▶ _DATA SHOWN_:
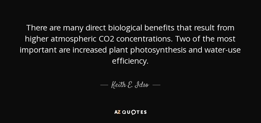 There are many direct biological benefits that result from higher atmospheric CO2 concentrations. Two of the most important are increased plant photosynthesis and water-use efficiency.
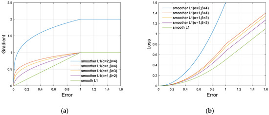 where controls the gradient of outliers, and controls the changing trend of the gradient of inliers. The larger or smaller the , the closer it is to L1 loss or the smooth L1. L1 loss can be regarded as the smoother L1 as , , and the smooth L1 can be regarded as the smoother L1 as , . For the optimal setting of and , we did a coarse grid search in the experiment. We integrated the gradient formula to obtain the formula of the smoother L1:
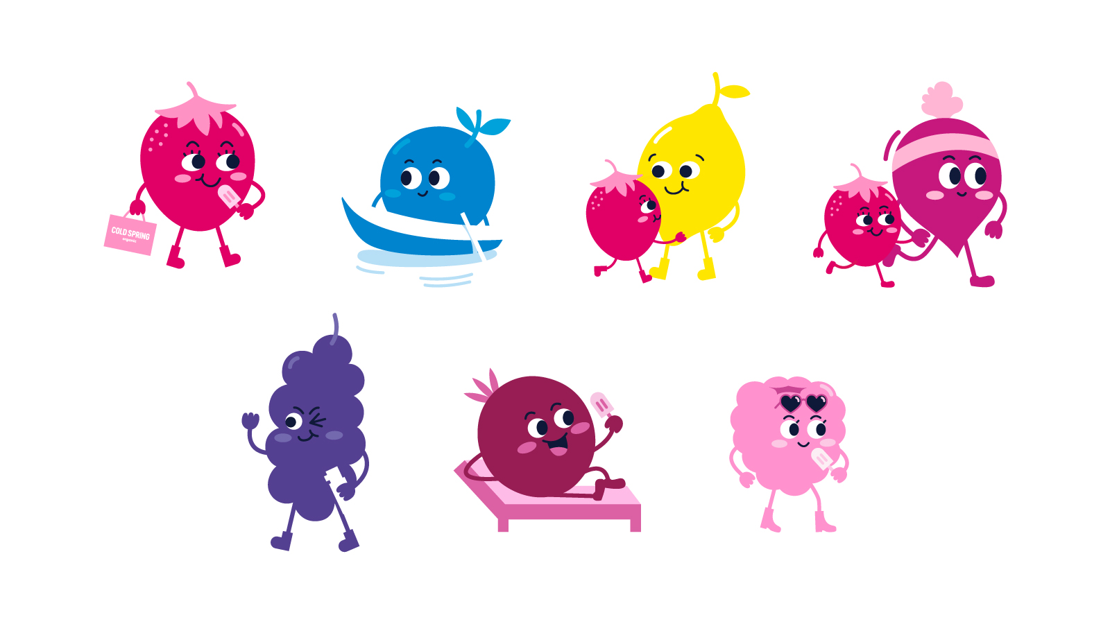 Cold Spring Organic 的角色由 7 种不同的水果组成:草莓、蓝莓、柠檬、桑椹、巴西莓、甜菜和覆盆子。这些字符象征着冷泉有机所使用的 100% 有机成分,代表了忠实于成分本质的产品。通过在有机产品中使用角色,每个人,无论年龄或性别,都能以友好、随意的方式享用产品。此外,朗朗上口的产品名称和表达方式更易于记忆和回忆。
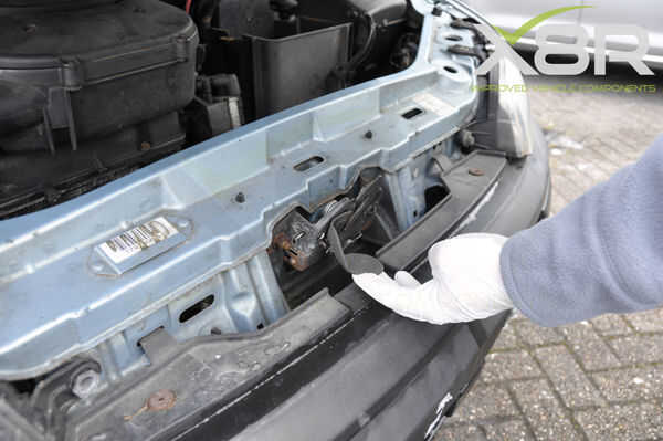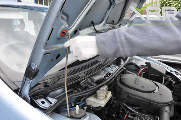 Abrir el capó; el capo (tirar de la palanca roja) es en pies de lado (SO) del conductor.
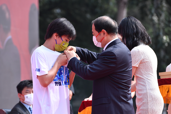 在神圣庄重的校徽佩戴仪式上,王定华为新生代表佩戴校徽、颁发新版欧博校园卡。在场的全体新生同时佩戴校徽,正式成为欧博人,成为欧博大家庭的一员。

▶ _INSTRUCTIONS FOR THE TASK_:
Exactly as written, return each line above and leave the pictures behind.

▶ _ANSWER TO THIS EXERCISE_:
 There are many direct biological benefits that result from higher atmospheric CO2 concentrations. Two of the most important are increased plant photosynthesis and water-use efficiency.
 where controls the gradient of outliers, and controls the changing trend of the gradient of inliers. The larger or smaller the , the closer it is to L1 loss or the smooth L1. L1 loss can be regarded as the smoother L1 as , , and the smooth L1 can be regarded as the smoother L1 as , . For the optimal setting of and , we did a coarse grid search in the experiment. We integrated the gradient formula to obtain the formula of the smoother L1:
 Cold Spring Organic 的角色由 7 种不同的水果组成:草莓、蓝莓、柠檬、桑椹、巴西莓、甜菜和覆盆子。这些字符象征着冷泉有机所使用的 100% 有机成分,代表了忠实于成分本质的产品。通过在有机产品中使用角色,每个人,无论年龄或性别,都能以友好、随意的方式享用产品。此外,朗朗上口的产品名称和表达方式更易于记忆和回忆。
 Abrir el capó; el capo (tirar de la palanca roja) es en pies de lado (SO) del conductor.
 在神圣庄重的校徽佩戴仪式上,王定华为新生代表佩戴校徽、颁发新版欧博校园卡。在场的全体新生同时佩戴校徽,正式成为欧博人,成为欧博大家庭的一员。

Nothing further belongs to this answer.